Он явно боялся оппонента, но немного пришел в себя:

— Там не только Черкас и Кутузов были. Очень много авторитетных воров под этим раскладом подписались. С Кавказа тоже.

— Мне плевать, — скривился железнозубый. — Я закон знаю, по которому люди живут. С барыгами договоров быть не может. Вы овцы — вам шерсть наращивать и жир нагуливать. Мы воры. Наше дело — шерсть стричь и вас на мясо пускать. Поэтому двадцать процентов. И не Лере Сухумскому, а мне передашь. А с ним я договорюсь, по-братски. И потом есть у меня к тебе ещё одна предъява. Самвел жалуется, что ты его младшую сестру испортил, поломал девке судьбу. Ещё и взял её насильно. Придётся за это ответить.

— Что ты несёшь? — Вардана Оганесовича бросило в пот. — Ты о Лали? Все по взаимному согласию было. И она уже совершеннолетняя. Девятнадцать скоро исполнится.

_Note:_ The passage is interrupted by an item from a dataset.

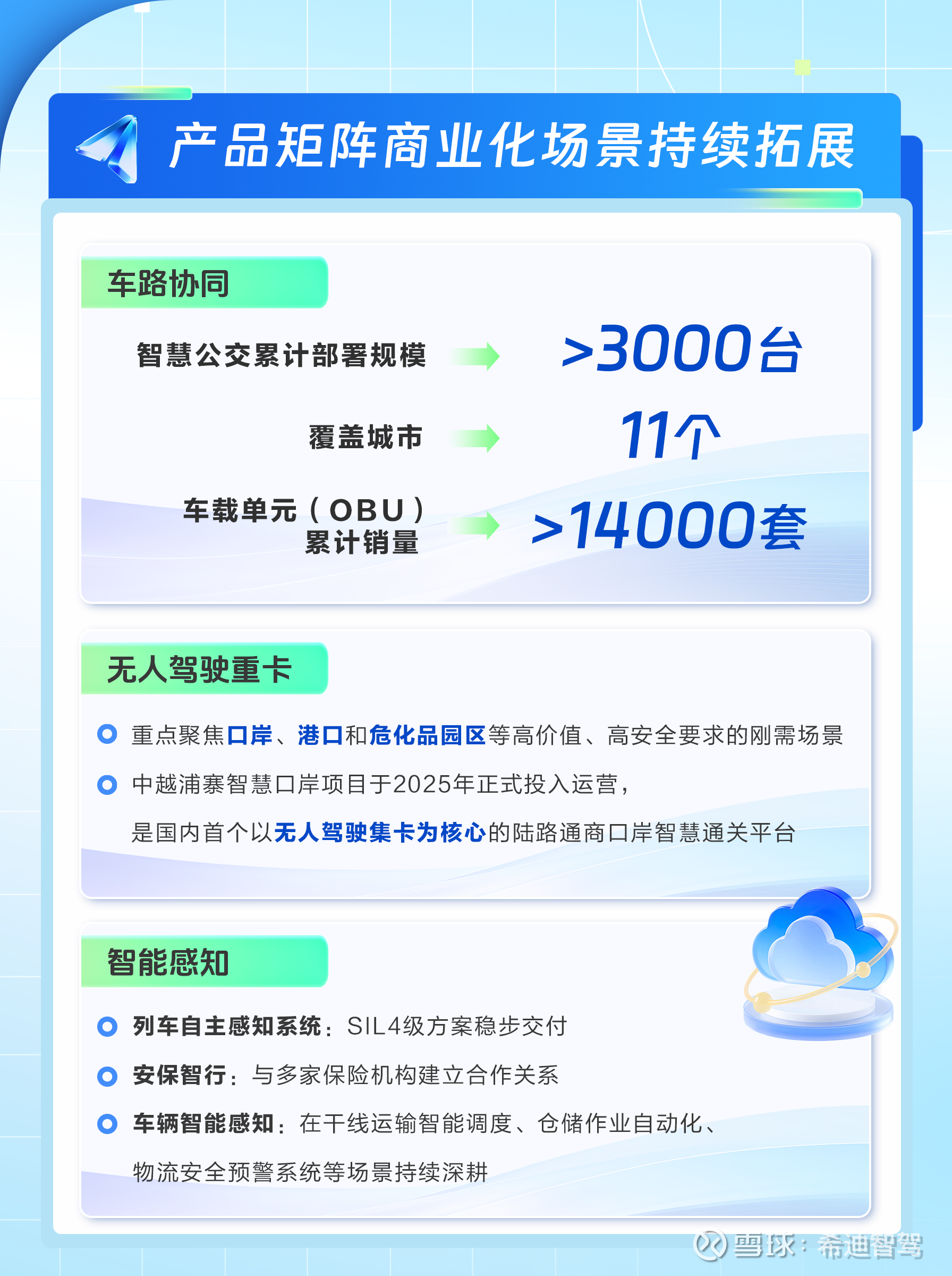 商业化场景全面拓展。截至2025年末,智慧公交累计部署超3000台、覆盖11城,车载单元(OBU)累计销量破14000套;无人驾驶重卡落地中越浦寨智慧口岸;智能感知业务在多个场景持续深耕。

— Мне другое рассказывают, — ухмыльнулся Рубен. — Ты девчонку изнасиловал. Она тебя даже расцарапала всего. За этот беспредел могу тебя завалить. Никто из воров слова не скажет, я в своем праве. А ментам это доказать ещё надо. И если даже по этапу пойду, переживать не буду, не впервой. И на зоне жить можно, если закон соблюдать и не крысятничать.

— Ты, вообще берега попутал, Рубен? — возмутилась Каринэ. — Твою Лали полгорода отымело, а другая половина своей очереди ждёт. Какое изнасилование, побойся бога. Она с пятнадцати лет по членам скачет, с одного на другой перепрыгивает. Вы эту шалаву специально под Вартана подложили, чтобы денег срубить. Думаешь, этого никто не поймёт? Ошибаешься. Сухумский с тебя за такие подставы лично спросит. И не только он. Ты забыл, кто такой Вартан Оганесович?! Наркота последние мозги отшибла?! Менты тебя будут как волка гнать, пока не застрелят «при попытке к бегству».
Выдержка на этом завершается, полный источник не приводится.